How the Election Could Affect the Market

Sam Swift, CFA, CFP®, AIF®

Aug 21, 2020

I went back and forth on the following opening and how best to phrase it:

  1. Believe it or not, we’re only about 75 days away from the election, or…
  2. Somehow, we still have 75 loooong days until the election.

I’ll let you choose which one fits your current mood better.

Nevertheless, the election is one more thing in 2020 that has the potential to cause more uncertainty and anxiety. I like to think way back to the good old days of February when a brutal election campaign in our polarized country was all we thought we’d be dealing with. Somehow, though, everything else going on has only served to heighten the impact to our psyches.

In that spirit, I wanted to look at the actual data on election years and different administrations as it relates to the stock market.

Leading into Elections

First, let’s look at the years leading into elections:

Chart representing

The green lines here represent the returns in years prior to the election year (average = 9.9%) and the gray lines represent the returns in the election year itself (average = 11.3%). It looks a lot like the overall history of the stock market because it basically is. The years leading into and containing an election represent half of all of the years available and so it shouldn’t be surprising that the data look very similar to the entire history of the market—random overall with far larger upswings then downswings over time. For some reason, the conventional wisdom has settled on the fact that election years are odd, but the facts don’t bear that out. There’s another piece of conventional wisdom that says market volatility increases in the months and weeks prior to an election, but the data is also inconclusive on that front (you can find papers claiming that’s true and papers claiming that’s false). It’s much more likely that we are hyper aware of daily market movements in the lead up to an election and falsely attribute volatility to that when the reality is that markets have high daily volatility nearly all the time.

Market Returns

Perhaps then, the result of the election matters more. Here are the market returns for different presidential terms:

Chart representing market returns during Presidential terms.

Again, this shouldn’t be that surprising. If we take any four-year period in the history of the market, it’s likely that returns will be positive. Of course, it’s not a guarantee so we do end up seeing negative returns through a few presidential terms.

Surprisingly, there is, in fact, a significant split between party control of the White House. Republican administrations through 2019 averaged around 9.6% through their terms while Democratic administrations averaged around 14.5%. Of course, starting with Hoover and the worst years of the Great Depression is going to have a major impact and that single term alone is responsible for most of the gap.

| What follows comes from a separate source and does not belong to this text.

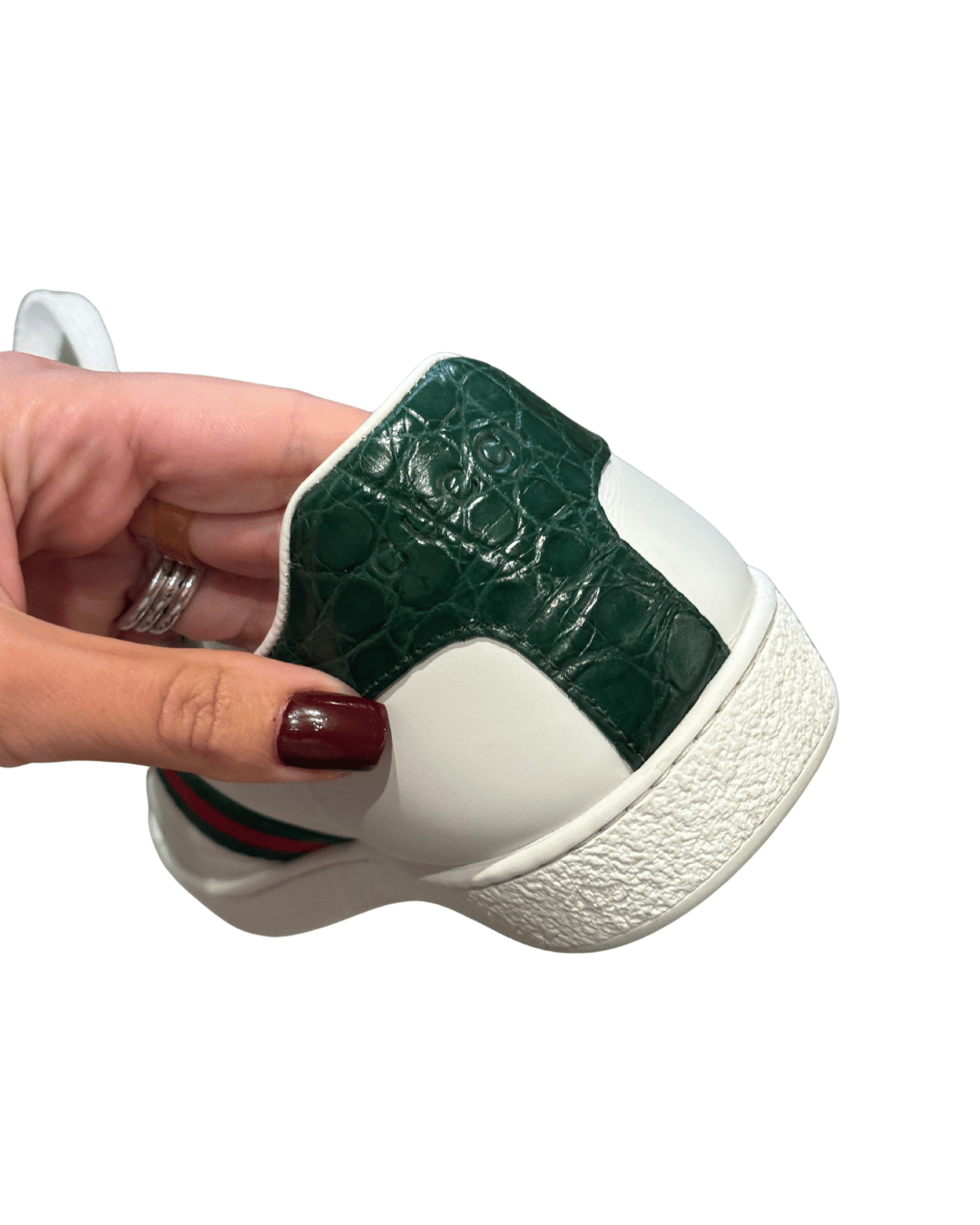Un’icona dello stile casual firmata Gucci, le Ace Sneakers sono tra i modelli più amati della maison. Realizzate in morbida pelle bianca, sono decorate con il classico nastro Web verde e rosso sui lati, simbolo inconfondibile del brand. Il tallone è rifinito in pelle verde effetto coccodrillo con logo “Gucci” impresso, un dettaglio che dona carattere e unicità al modello. La suola in gomma bianca con pattern inciso garantisce comfort e resistenza, rendendole perfette per un uso quotidiano ma sempre ricercato.Un paio di sneakers versatili, che abbinate a jeans, abiti o look più sportivi aggiungono sempre un tocco di lusso e riconoscibilità.

I should also point out that a well-diversified global portfolio is not simply US stocks. About 40-50% of the world’s publicly traded stocks by market capitalization lie outside the US. Here are the patterns we see in the international stock markets:

Chart representing international stock returns during presidential years. Highest returns range from 1985-1988 during Reagan's term over 40%, with the lowest returns during the Bush term approximately 5%.

There’s not as much available data, but the same pattern roughly holds—there is little correlation between the presidency and stock market returns and there is certainly no evidence of causation.

Does it matter?

On a scale of things that matter to the performance of stocks, who is in office matters very little. Presidents get far too much credit and far too much blame for the movements of the stock market. It’s not that presidential administrations can’t have an effect on economic variables which do tend to drive long-term performance—their policies certainly do just that—it’s that companies will make adjustments to new policies over the long-term and continue to grow.

Let’s take tax rates as an example. Suppose an administration pushes through a change to raise corporate tax rates. It’s likely there would be some short-term shock as investors realize they will receive less profits than they thought in that immediate year. But companies adjust quickly to the new rules. Perhaps they raise prices or cut lines of business that are no longer profitable under the new laws. Perhaps a raise in taxes leads to a raise in benefits to lower income people and that leads to greater consumer spending and new markets for businesses to enter. The point is a new equilibrium will be reached. The markets have seen all kinds of policies from the left and the right over the last 100 years and they have continued to grow through them all.

Familiarity Bias

In the end, elections and politics and the concern over how they affect the stock market are great examples of familiarity bias. The current news media is set up to cover presidential elections as the world’s greatest reality show and so we can’t help but to have it front and center in our minds. As mentioned earlier, about 40% of our stocks are invested internationally, but we don’t fret about what the next Japanese, Indian, or Spanish election is going to do to our portfolio. Yet we do it with our own elections as a byproduct of our heightened awareness and familiarity with the impact it can make on other parts of our lives.

Presidential politics matter greatly for our society, but they don’t matter that much for the markets. So get involved with what you believe in. Fight for the direction you want the country to go in. Just don’t worry about it in the context of your portfolio. There are far more important issues at stake.